2. Nvidia Invests in Mira Murati’s Thinking Machines Lab

Nvidia announced a strategic investment in Thinking Machines Lab, the AI startup founded by former OpenAI CTO Mira Murati. The partnership includes access to large-scale compute resources — potentially up to one gigawatt of Nvidia GPU infrastructure — to train and deploy next-generation frontier models.

The move highlights Nvidia’s strategy of backing promising AI startups while strengthening its position as the dominant provider of AI computing infrastructure.

3. UK AI Firm Nscale Raises $2 Billion to Expand AI Infrastructure

British AI company Nscale raised $2 billion in a new funding round, bringing its valuation to approximately $14.6 billion. The funding round included investors such as Nvidia, Dell, Citadel and Jane Street.

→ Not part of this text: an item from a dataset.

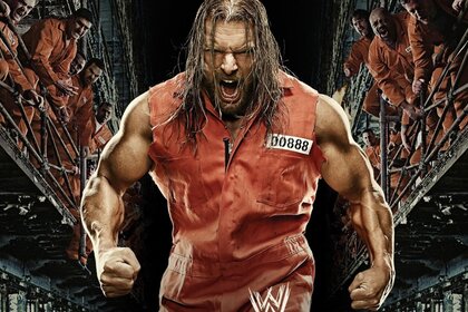 Un uomo in abiti da prigione va a combattere
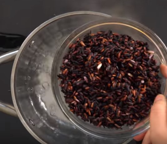 1.ข้าวเหนียวดำ 200 กรัม (ซาวข้าวเหนียวดำให้สะอาดสัก 2 รอบ แช่น้ำ 1 คืน)

The company focuses on building large-scale GPU infrastructure and AI compute capacity — reinforcing the idea that AI infrastructure is becoming one of the most important strategic layers of the industry.

4. Media Industry Adopts Generative AI for Production and Streaming

French media group Canal+ announced a multi-year partnership with Google Cloud and OpenAI to integrate generative AI across its production and streaming platforms.

The collaboration will allow production teams to use AI tools such as Google’s Veo video generation model for scene pre-visualisation, while OpenAI’s technology will power natural-language search and recommendation systems across Canal+’s content library.

5. Meta Delays New “Avocado” AI Model Amid Performance Concerns

Meta reportedly postponed the launch of its new large AI model “Avocado”, originally expected in early 2026. Internal testing showed the model had not yet reached the performance benchmarks necessary to compete with leading systems from OpenAI and Google.

The delay highlights the increasing pressure on AI labs to deliver models that match rapidly advancing competitors while maintaining reliability and efficiency.

6. Ethical Debate Intensifies Around AI and Defence Contracts

AI governance debates intensified this week after reports surfaced that OpenAI’s robotics and hardware leader resigned over concerns related to a Pentagon partnership.

The situation underscores a broader tension across the industry: as governments increasingly adopt AI for defence and national security, technology companies must balance commercial opportunity, ethical concerns, and public trust.

Conclusion

The week of March 9–13, 2026 reflects how artificial intelligence is evolving from a research frontier into a strategic global industry shaped by infrastructure, geopolitics, and enterprise adoption.

Major model launches, startup funding rounds, and partnerships between AI labs and large corporations demonstrate accelerating momentum — while ethical debates and competitive pressures remind us that the governance of AI remains just as important as the technology itself.

As the year progresses, expect agentic systems, infrastructure investment, and AI-driven media production to remain key themes across the industry.